Compared with foreign countries, failure consequence data is quite deficient in China. Only the consequences of serious pipeline accidents will be recorded, including casualties, economic losses, and leakage.

4. Conclusions and Suggestions

As for the concern from government and public on pipeline safety in China, management has been significantly improved by operators. Consequently, frequency of pipeline failures is decreasing. According to the statistical results, PNGPC is not very far compared with foreign countries. There are still some aspects both in technology and in management that should be improved, such as quality of manufacture and construction of pipeline and third party monitoring.

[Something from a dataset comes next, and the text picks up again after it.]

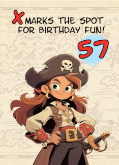 57 Years Old Happy Birthday Cartoon Female Pirate Captain

PHMSA:Pipeline and Hazardous Materials Safety Administration
EGIG:European Gas Pipeline Incident Data Group
UKOPA:United Kingdom Onshore Pipeline Operators’ Association
PNGPC:PetroChina Natural Gas & Pipeline Company.

Conflicts of Interest

The authors declare that there are no conflicts of interest regarding the publication of this paper.


Preparation of this paper was supported by the PNGPC; this is gratefully acknowledged by coauthors Dongpo Wang, Ting Wang, Qingshan Feng, and Xinqi Yang. Thanks are also due to numerous past and present colleagues for insights and helpful discussions.